Jack in the Box is planning a strategic overhaul due to struggling sales as customers reduce spending, leading to the planned closure of 150 to 200 underperforming locations, representing 10% of its restaurants.
The big picture: The closures are part of efforts to improve the company’s balance sheet, accelerate cash flow, and reduce debt by $300 million over the next two years, with 80 to 120 locations expected to shut down by the end of the year, particularly focusing on stores situated on the US West Coast.
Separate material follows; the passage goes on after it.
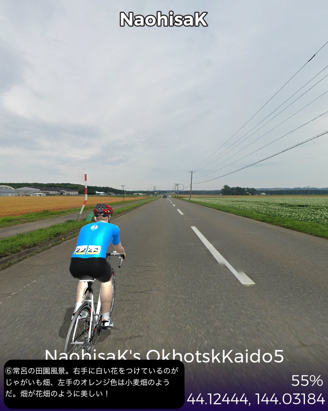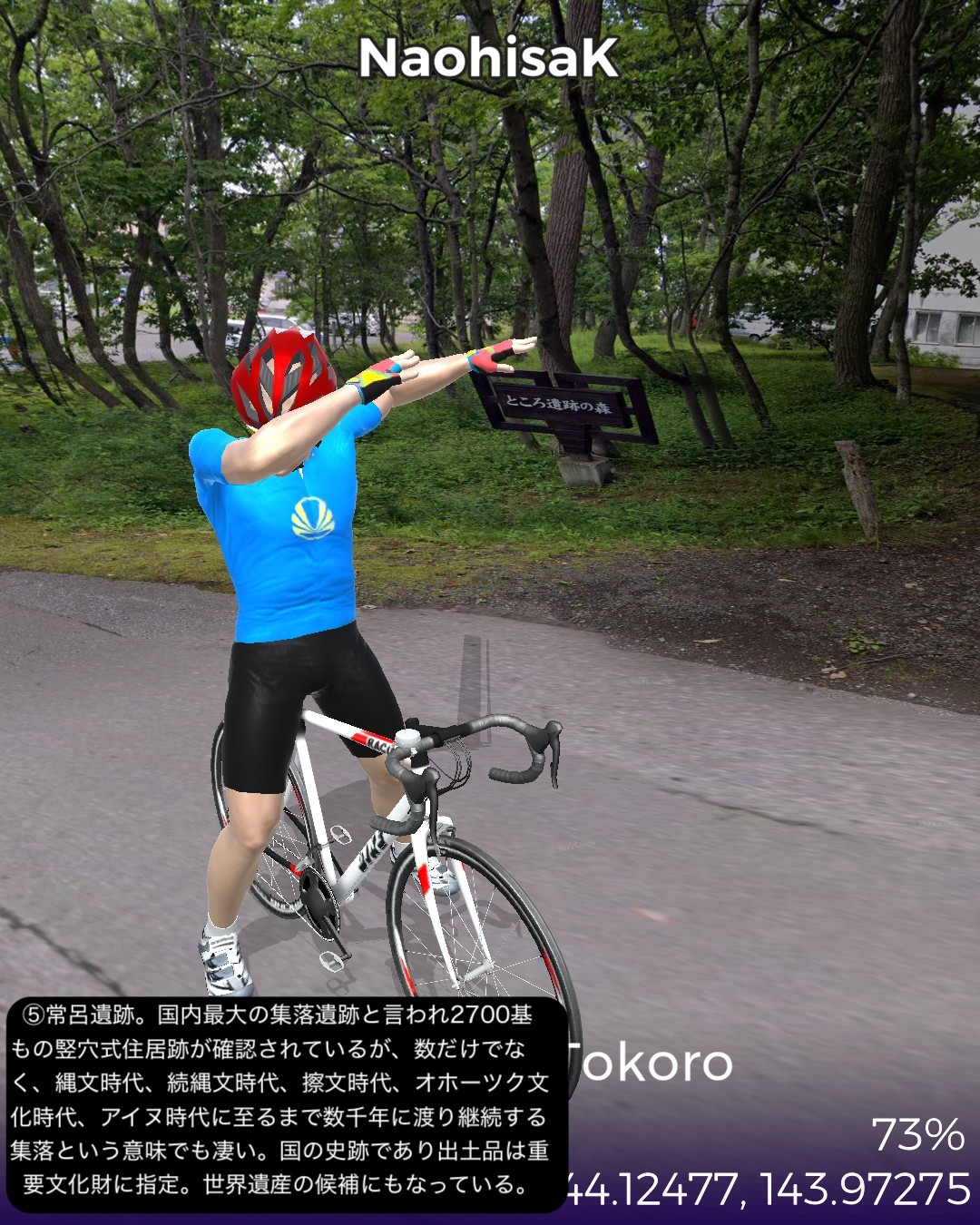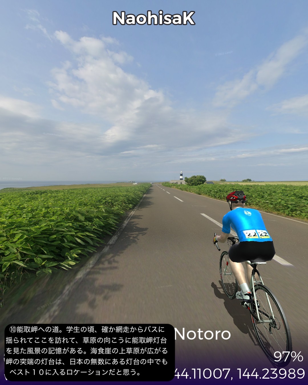 VRサイクリング、オホーツク街道4日目。今回はひたすら大きな2つの湖を回る旅。湧別は前回内陸の上湧別方面へ曲がった、海岸に近い錦町を起点に東へ進むが、すぐサロマ湖にぶつかりその西岸から南岸、東岸とほぼ湖岸付近を巡り、海沿いの町常呂へ。ここから東へ進むと能取湖にぶつかり、これをほぼ1周ぐるりと巡って能取岬をゴールとする97kmの行程。サロマ湖と能取湖はそれぞれ名物の夕陽とサンゴ草のビジュアルが得られずただ茫漠とした風景の湖岸を巡る単調な行軍となってしまった感はあるが、そんな中でもいくつか見かけた事物に興味深いトピックスがあった。サロマ湖は湖の割に漁港が多いなと思ったら、単に繋がっている海から魚が迷いこんでいることもあるが、それ以上にホタテの稚貝の養殖を確立し、それを北海道全土にバラまいて現在の北海道ホタテ黄金時代を切り開いた、という成功話があるらしい。次に常呂には観光的には地味ながら世界遺産の候補に挙がっている常呂遺跡があった。数千もの竪穴式住居での生活の痕跡が、数千年ものタイムスパンで続いていたというから凄い。今まで通ってきたオホーツク街道沿いにも宗谷岬付近や紋別付近にもここより規模は小さいが同様の長いスパンの遺跡に遭遇した。実はこんな辺境の地において、長い期間に渡ってオホーツク文化圏が構築されていたということらしく、知られざる歴史のロマンを感じる。この件はまた今後も蒸し返すことになるだろう。あと常呂の鄙びた街並みの中に立派な建物があると思ったら、オリンピックで活躍したカーリング女子チームのロコソラーレの本拠地である国内最大級のカーリングホールだった。いやぁビックリ。北見と言っていたから北見市街かと思っていたら常呂も北見市に含まれるということで、この鄙びた町にあのもぐもぐタイムの彼女達が住んでいるんだと思うとちょっと不思議な気持ちになる。次回は網走を越えて知床半島の付け根まで進む。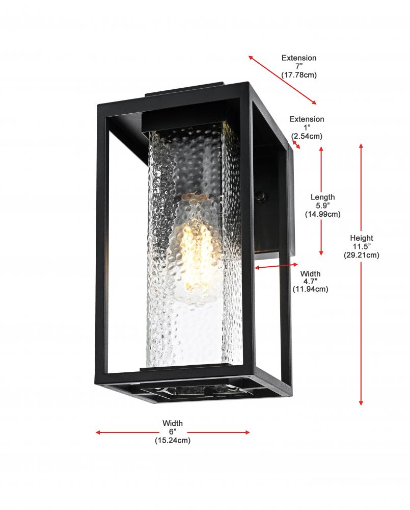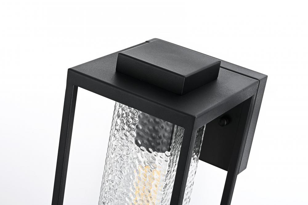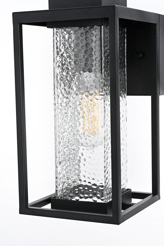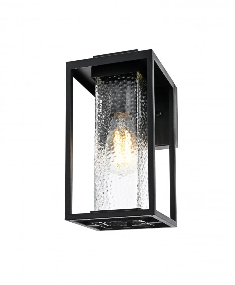 This outdoor wall sconce combines durability with a touch of character, perfectly suited to elevate your exterior space. The iron frame adds strength and durability, while the hammered glass creates a beautiful, diffused lighting effect, enhancing the warm glow of the bulb. The sharp angles and clean lines of the iron frame provide a modern touch that blends seamlessly with the rustic textures of the glass, creating a versatile look that complements a wide range of styles.

- CEO Lance Tucker emphasized the goal of achieving consistent, net positive unit growth through these closures and restructuring efforts aimed at addressing financial challenges and fostering growth opportunities for the chain.
Go deeper: In addition to closing locations, Jack in the Box is exploring “strategic alternatives” for Del Taco, a Mexican-inspired chain acquired three years ago, citing rising inflation, tough competition from rivals like Taco Bell, and uncertainties about its future contributions to Jack in the Box’s bottom line as reasons for the potential sale.
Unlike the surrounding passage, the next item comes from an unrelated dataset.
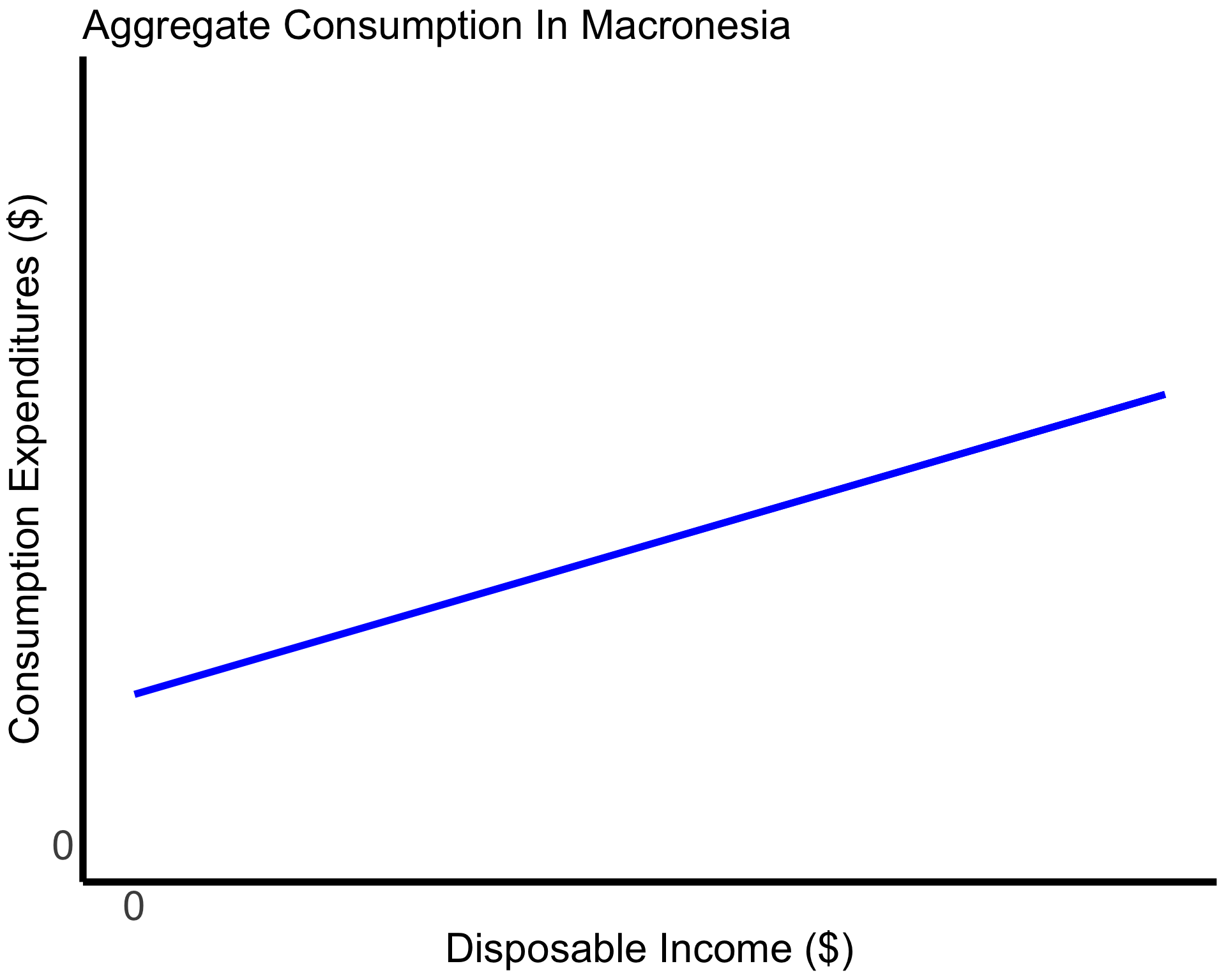 The aggregate consumption function for the country of Macronesia is plotted to the right.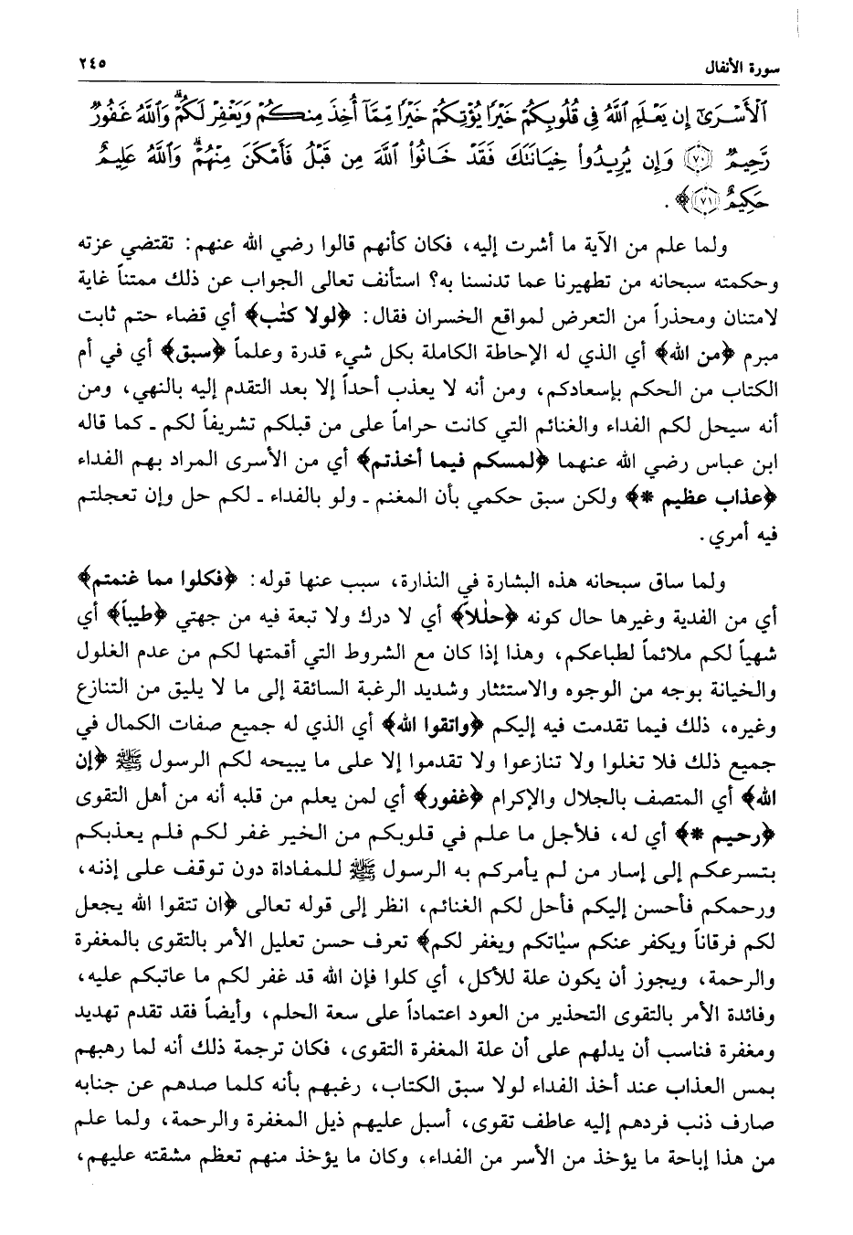 الأَسْرَى إِن يَعْلَمِ اللَّهُ فِي قُلُوبِكُمْ خَيْراً يُؤْتِكُمْ خَيْراً مِّمَّآ أُخِذَ مِنكُمْ وَيَغْفِرْ لَكُمْ وَاللَّهُ غَفُورٌ رَّحِيمٌ وَإِن يُرِيدُواْ خِيَانَتَكَ فَقَدْ خَانُواْ اللَّهَ مِن قَبْلُ فَأَمْكَنَ مِنْهُمْ وَاللَّهُ عَلِيمٌ حَكِيمٌ ) 73

- The decision to explore selling Del Taco comes in the wake of pre-announced earnings showing a 3.6% drop in sales for the brand, leading to the discontinuation of financial guidance as the company evaluates options for its future.
- Jack in the Box also faced its own challenges, with sales dipping by 4.4% in the second quarter of 2025 and its stock price plummeting by 57% over the past year, reflecting broader struggles within the fast-food industry.
Zoom out: While competitors like McDonald’s and Chipotle reported sluggish performance at the beginning of the year, Taco Bell stands out with a forecasted 8% increase in sales driven by innovative menu offerings, showcasing disparities in performance within the fast-food sector.